((

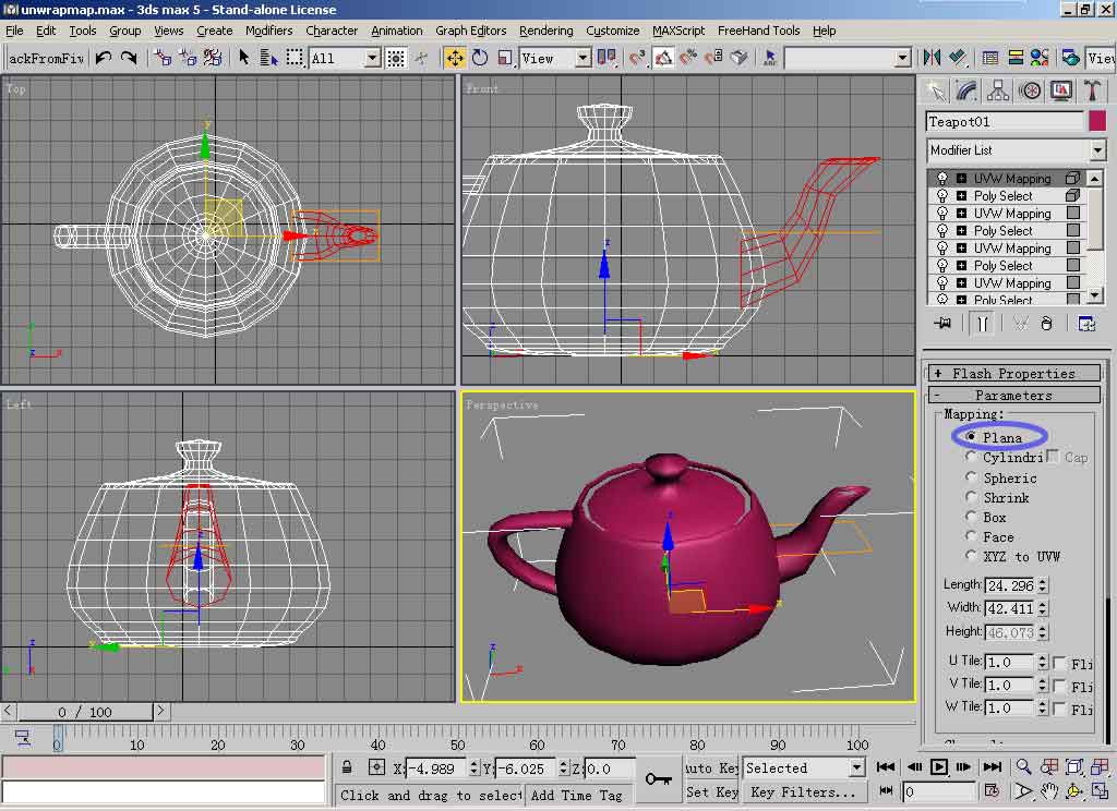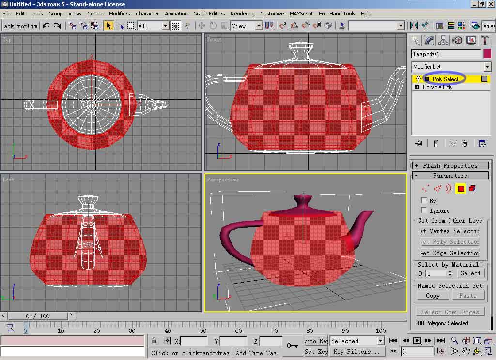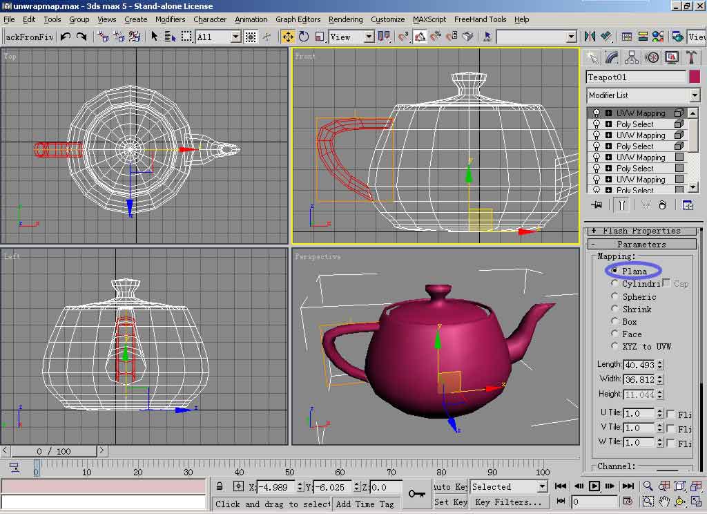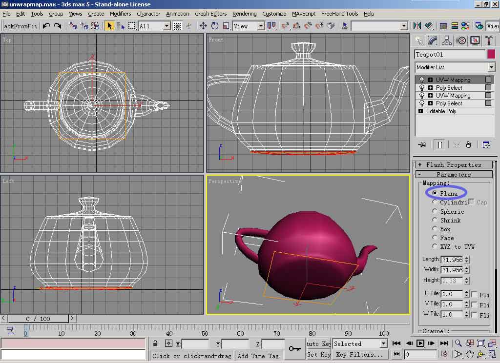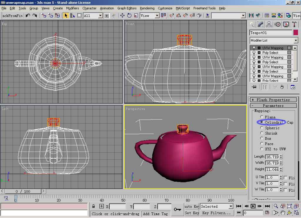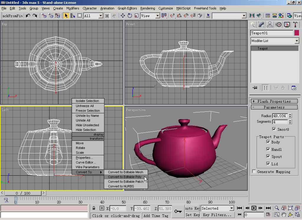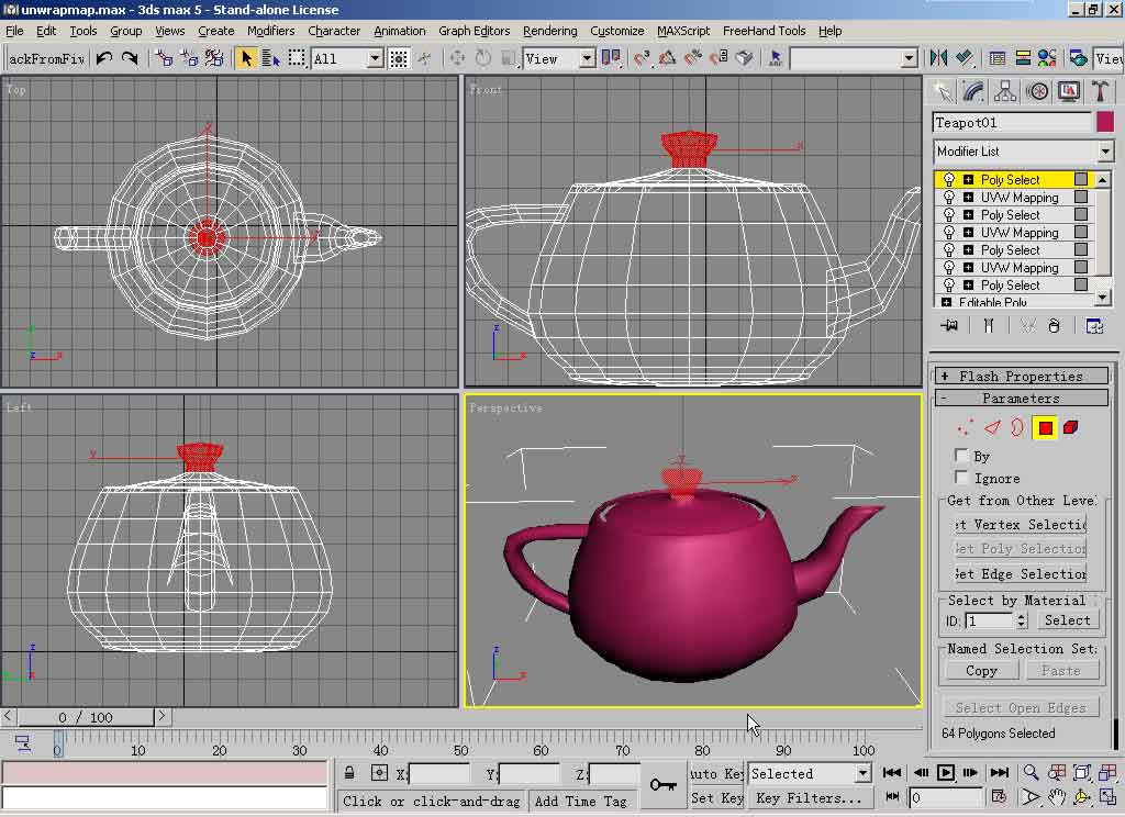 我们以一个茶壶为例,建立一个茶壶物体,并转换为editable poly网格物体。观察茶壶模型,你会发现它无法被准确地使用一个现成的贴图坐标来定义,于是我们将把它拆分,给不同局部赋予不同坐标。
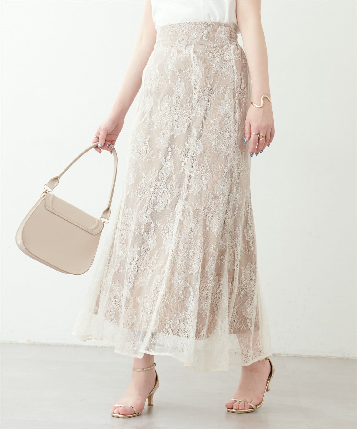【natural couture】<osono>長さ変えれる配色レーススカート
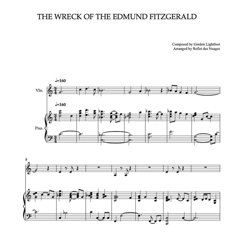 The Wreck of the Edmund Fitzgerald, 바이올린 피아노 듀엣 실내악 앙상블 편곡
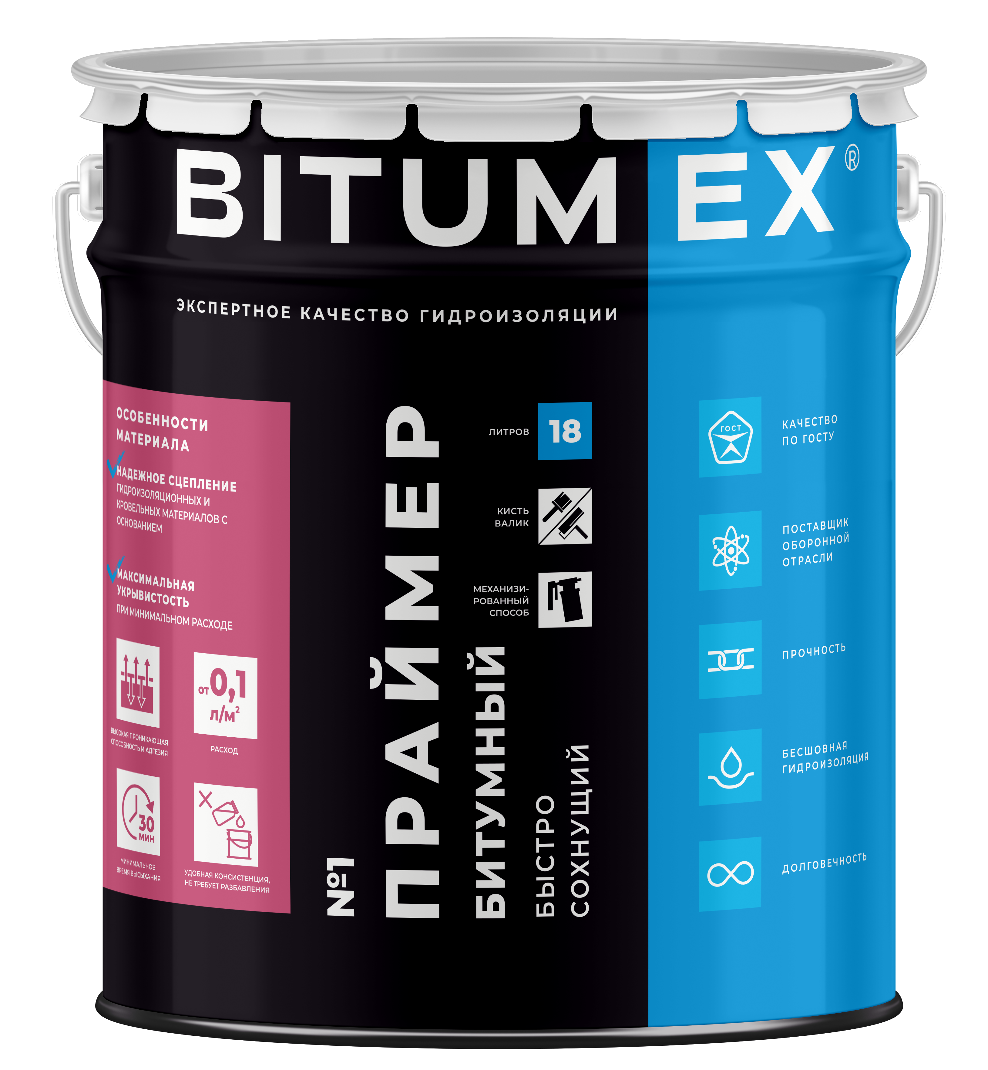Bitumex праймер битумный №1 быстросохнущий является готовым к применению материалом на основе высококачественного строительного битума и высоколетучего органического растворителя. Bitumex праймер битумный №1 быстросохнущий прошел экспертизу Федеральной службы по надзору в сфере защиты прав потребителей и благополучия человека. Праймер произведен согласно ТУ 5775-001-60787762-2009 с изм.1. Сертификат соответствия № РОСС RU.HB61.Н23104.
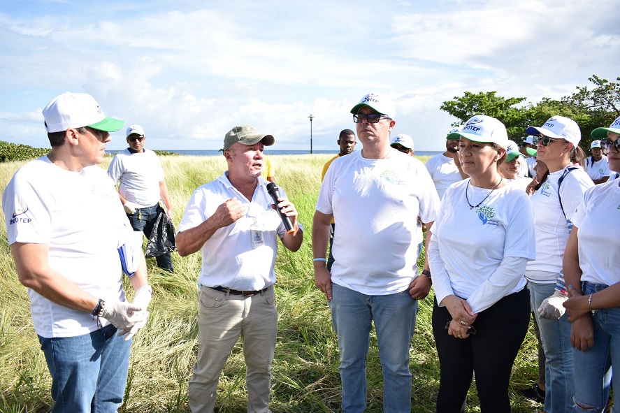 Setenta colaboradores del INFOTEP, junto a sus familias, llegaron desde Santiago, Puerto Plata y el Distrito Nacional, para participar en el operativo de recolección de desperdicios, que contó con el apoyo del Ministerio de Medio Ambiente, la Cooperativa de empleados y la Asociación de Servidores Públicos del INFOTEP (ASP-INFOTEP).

))

Transcribe the opening line of the listing above, please, and every line after it through the line with "The Wreck of", word for word, without pictures.

**Exercise result**
 我们以一个茶壶为例,建立一个茶壶物体,并转换为editable poly网格物体。观察茶壶模型,你会发现它无法被准确地使用一个现成的贴图坐标来定义,于是我们将把它拆分,给不同局部赋予不同坐标。
【natural couture】<osono>長さ変えれる配色レーススカート
 The Wreck of the Edmund Fitzgerald, 바이올린 피아노 듀엣 실내악 앙상블 편곡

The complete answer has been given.